WHAT IS NEEDED>
Your output should be the lines from the one containing "3D Optical Illusion" through the end of the listing, exact and inclusive, with no pictures.

RECORDED INFORMATION>
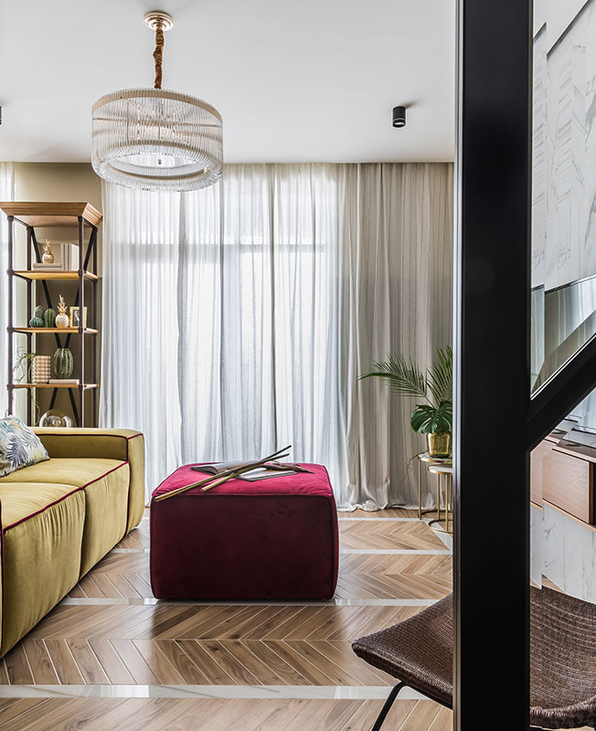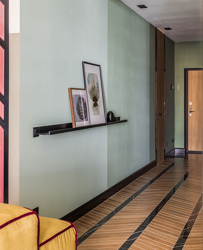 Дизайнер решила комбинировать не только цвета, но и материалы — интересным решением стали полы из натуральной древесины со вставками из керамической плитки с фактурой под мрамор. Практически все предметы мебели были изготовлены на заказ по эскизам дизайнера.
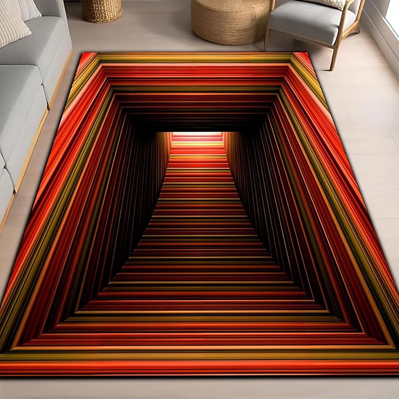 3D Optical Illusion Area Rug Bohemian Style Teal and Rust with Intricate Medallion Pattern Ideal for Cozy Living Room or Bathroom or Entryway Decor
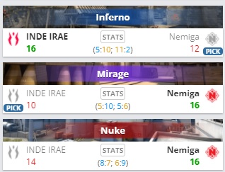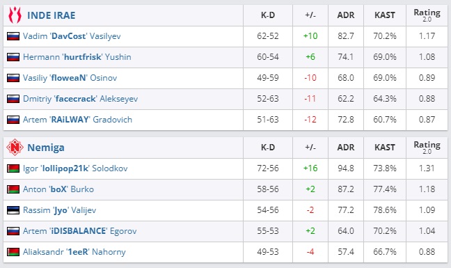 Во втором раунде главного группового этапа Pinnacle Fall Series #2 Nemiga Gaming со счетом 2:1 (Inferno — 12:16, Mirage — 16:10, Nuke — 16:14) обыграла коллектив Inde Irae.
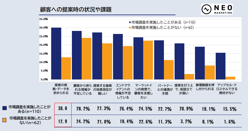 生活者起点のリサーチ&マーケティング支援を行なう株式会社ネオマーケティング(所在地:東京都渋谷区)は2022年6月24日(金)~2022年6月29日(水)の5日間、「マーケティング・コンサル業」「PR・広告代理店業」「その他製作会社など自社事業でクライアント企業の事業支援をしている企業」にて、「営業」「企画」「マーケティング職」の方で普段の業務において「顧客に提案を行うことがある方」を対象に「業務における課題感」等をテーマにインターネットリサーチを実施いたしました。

EXPECTED ANSWER>
 3D Optical Illusion Area Rug Bohemian Style Teal and Rust with Intricate Medallion Pattern Ideal for Cozy Living Room or Bathroom or Entryway Decor
 Во втором раунде главного группового этапа Pinnacle Fall Series #2 Nemiga Gaming со счетом 2:1 (Inferno — 12:16, Mirage — 16:10, Nuke — 16:14) обыграла коллектив Inde Irae.
 生活者起点のリサーチ&マーケティング支援を行なう株式会社ネオマーケティング(所在地:東京都渋谷区)は2022年6月24日(金)~2022年6月29日(水)の5日間、「マーケティング・コンサル業」「PR・広告代理店業」「その他製作会社など自社事業でクライアント企業の事業支援をしている企業」にて、「営業」「企画」「マーケティング職」の方で普段の業務において「顧客に提案を行うことがある方」を対象に「業務における課題感」等をテーマにインターネットリサーチを実施いたしました。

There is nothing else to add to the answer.